学名は、平凡社『日本変形菌類図鑑(1995年7月19日初版第1刷発行)』より
2000年は粘菌を見つけようと思ってたらこれです。驚きました。
1999年10月17日に、和歌山県白浜にある南方熊楠記念館で粘菌の標本と生体を見せてもらい、非常に感激してました。粘菌そのものは1年中いますが、活動が盛んなのは梅雨時(梅雨の晴れ間や梅雨明け時)だろうということで、そろそろ明石公園あたりで探してみようと思ってたところでした。
10日に更新するWebpageの用意も終わり、風呂を洗おうとした6月9日20時半。窓のサッシの隅になにやら黒っぽいものが積み重なっているのが見えました。腐った木のかけらかなと思いましたがペンキの塗られている木枠には特に壊れたような様子もありません。
よく見ると細長い円柱が集まっているかのようになっています。根元は糸のように細くなってます。もしかしたら虫の卵か?! というのが二番目の推測でした。
ただよく見ると…… なんか写真で見たような記憶がある…… というところで「粘菌」の二文字が頭の中に。早速調べたところ、南方熊楠記念館で買った、12枚組み絵葉書の中にそっくりなものがありました。高さ約15mmのサビムラサキホコリでした。また、現在休刊中の科学雑誌Quarkの91年11月号の南方熊楠特集の中にあった、胞子形成が進み黒ずんでいるサビホコリの写真が、これによく似ています。
風呂場です。汚いですか、そうですか。壁面で緑藻を飼っています。嘘です。掃除するのが面倒なだけです。たまにスポンジでこすり落としてますが……
画面左上に白い円を描いておきました。
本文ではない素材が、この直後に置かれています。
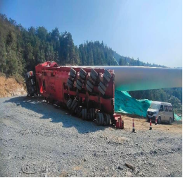 2024年11月10日上午,宏通公司驾驶员黄永城驾驶粤BEQ337大型挂车承运第一支叶片试路上山,前面三台铲车负责牵引,当车队行至三千界林场内道路5.69km转弯处时,挂车突然向右侧翻,叶片尾端扫断后方树木,树木倒下后砸伤正在作业的伐木工人龙吉斌,运输队指挥长范卫国带领在场人员立即上山将伤者抬至公路上,并及时拨打“110”和“120”,为抢时间,使用在现场的皮卡车直接将伤者送至资源县人民医院,11时10分到达医院,12时03分医院宣布抢救无效死亡。

ここに「粘菌?」がいたわけです。
それが粘菌かカビなのかを判別する方法の一つとして、子実体(のような部分)を潰してみるという方法があるというのを、記念館に行ったときに教えていただきました。何か残ればカビ、なにも残らなければ粘菌なんだそうです。粘菌の場合は中に胞子しかないので、潰すとほとんど何も残らないのだとか。
今回、カビではなさそうでしたが虫の卵かもしれないという思いがありました。そこで、この長細くて黒っぽいモノを一つピンセットでとり、紙にこすって見ることにしました。卵なら中から白っぽいものがムニュと出てくるだろうとの予想をたてたわけです。
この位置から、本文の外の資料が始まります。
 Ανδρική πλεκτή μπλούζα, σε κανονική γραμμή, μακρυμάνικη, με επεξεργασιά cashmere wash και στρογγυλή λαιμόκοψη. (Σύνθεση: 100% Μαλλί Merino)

結果は画像のとおり。かなり黒い紫色の跡がついただけでした。卵ならこういう風にはならないと思うのですが。
粘菌は変形菌と呼ばれることのほうが多いらしく、実際、形状を変化させます。胞子が増殖、分裂したりしたのち、時速数cmで動き回る変形体となり、バクテリアやカビ、微小藻類などを食べるそうです。この変形体は複数の核を持つ単細胞だそうで。それがある日一気に胞子を飛ばすための子実体に変形、胞子を撒き散らしていくんだそうです。
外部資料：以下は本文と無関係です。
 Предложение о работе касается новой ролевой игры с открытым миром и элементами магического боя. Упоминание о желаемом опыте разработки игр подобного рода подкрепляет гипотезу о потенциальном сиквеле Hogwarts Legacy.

で、今回発見したものはどうみてもすでに子実体の状態。変形体のときを見れなんだあ!というのが残念ではあります。ただ、いま風呂場で胞子を撒かれてもちょっと困るというか、できればベランダに出しているプランターとかで育ってほしいぞというのがあるので、粘菌(?)を剥がすことにしました。
粘菌(?)がくっついている木枠(白の塗装がしてあり、緑藻がわいている)の部分と、アルミ枠との間に塗られているシリコンの部分をカッターナイフで切り取りました。アパートをこういう風にしていいのかという思いが頭をよぎったのは木枠の表面を削ぎ取っている途中でしたので時すでに遅し。どうもすんませんです>大家さん
剥がしてみたところで長さを測ってみましたが、12mmというところでした。
2ヶ所あったかたまりのうち、一つはモウセンゴケを育てている水槽の中に入れておきました。もう一つはコーヒーのビンに入れています。
200円でおつりのくる30g入りの小さなビンで、熱湯で洗ったあとにプランターの土や枯れ葉を入れ、その中に粘菌(?)を入れています。通気性があるようにビンの口はガーゼ…… がなかったのでシャツの切れ端を輪ゴムで止めています。
これがもし粘菌であれば…… 胞子を出して、子実体そのものは終わってしまうと思います。その後すぐ胞子が芽を出し育ってくれれば…… 非常に面白いものが見られるかもしれません。
でもやっぱり変化無し。紙製の箱に移しておきました。
その後、明石公園の切り株で多くの同じモノを見つけています。梅雨明けに確認してますが、2000年11月4日にも確認しました。雨が続いた後、夏のような気温になった頃です。
見つけたときはすでに子実体になっていましたが、11月に見たときにはまだ錆のような色になっておらず、薄い紫色で全体が粘液に覆われているようにてらてらと光っていました。